Brief
Leaving out every picture, copy the lines of the material below exactly, from the line containing "AN ANTIQUE DROP" through the line containing "为了定量评价风格迁移的质量,作者提出了风格分类器 Style-CNN,从图像中随机裁取 100x100".
==== Source records
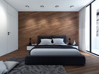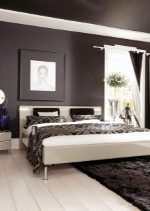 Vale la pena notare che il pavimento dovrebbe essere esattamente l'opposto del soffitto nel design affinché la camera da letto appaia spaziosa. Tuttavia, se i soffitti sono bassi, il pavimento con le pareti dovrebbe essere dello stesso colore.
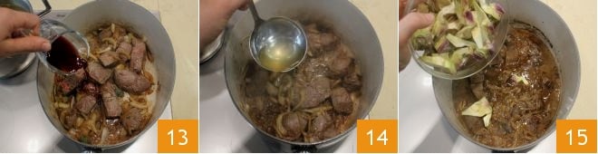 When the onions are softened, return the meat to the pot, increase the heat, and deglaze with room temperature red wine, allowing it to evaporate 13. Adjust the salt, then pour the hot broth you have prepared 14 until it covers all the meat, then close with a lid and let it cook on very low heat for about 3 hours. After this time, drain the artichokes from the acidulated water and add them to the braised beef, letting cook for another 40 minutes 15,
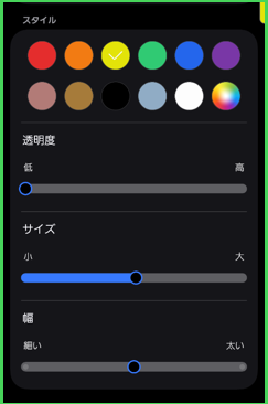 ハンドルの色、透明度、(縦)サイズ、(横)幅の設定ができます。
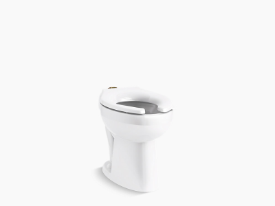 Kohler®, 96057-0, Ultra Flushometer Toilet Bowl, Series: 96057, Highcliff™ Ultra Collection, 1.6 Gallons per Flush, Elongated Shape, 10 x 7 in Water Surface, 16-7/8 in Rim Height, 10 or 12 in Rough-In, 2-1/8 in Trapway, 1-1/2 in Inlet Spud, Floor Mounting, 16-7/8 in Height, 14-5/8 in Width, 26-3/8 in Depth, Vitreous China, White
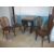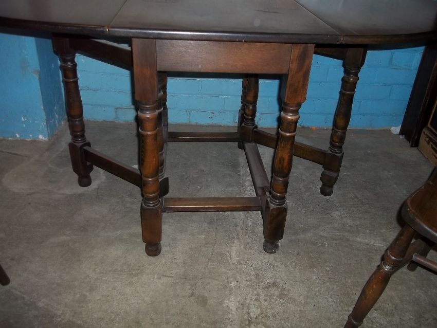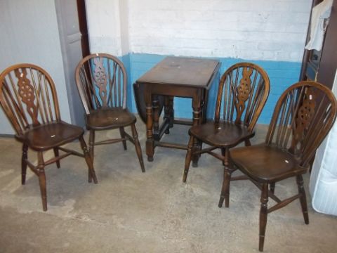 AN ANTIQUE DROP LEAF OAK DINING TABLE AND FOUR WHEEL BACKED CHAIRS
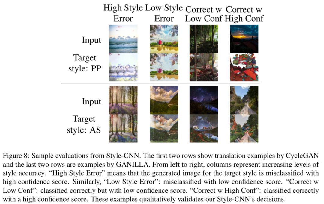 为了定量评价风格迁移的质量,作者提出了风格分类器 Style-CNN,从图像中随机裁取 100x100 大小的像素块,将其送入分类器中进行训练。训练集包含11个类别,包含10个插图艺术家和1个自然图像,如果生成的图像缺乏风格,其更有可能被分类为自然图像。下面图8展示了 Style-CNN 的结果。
========
==== Source records
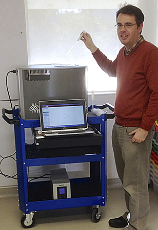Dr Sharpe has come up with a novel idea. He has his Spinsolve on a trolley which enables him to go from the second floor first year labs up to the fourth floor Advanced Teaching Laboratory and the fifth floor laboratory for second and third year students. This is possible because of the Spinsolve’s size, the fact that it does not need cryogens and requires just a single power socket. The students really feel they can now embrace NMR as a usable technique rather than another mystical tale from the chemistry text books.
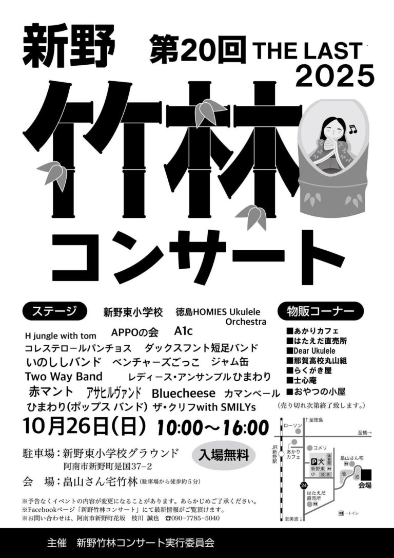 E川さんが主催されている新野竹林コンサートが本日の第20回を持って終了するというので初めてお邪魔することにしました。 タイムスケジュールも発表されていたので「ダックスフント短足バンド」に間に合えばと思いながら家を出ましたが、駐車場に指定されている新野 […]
========
Reply
 AN ANTIQUE DROP LEAF OAK DINING TABLE AND FOUR WHEEL BACKED CHAIRS
 为了定量评价风格迁移的质量,作者提出了风格分类器 Style-CNN,从图像中随机裁取 100x100 大小的像素块,将其送入分类器中进行训练。训练集包含11个类别,包含10个插图艺术家和1个自然图像,如果生成的图像缺乏风格,其更有可能被分类为自然图像。下面图8展示了 Style-CNN 的结果。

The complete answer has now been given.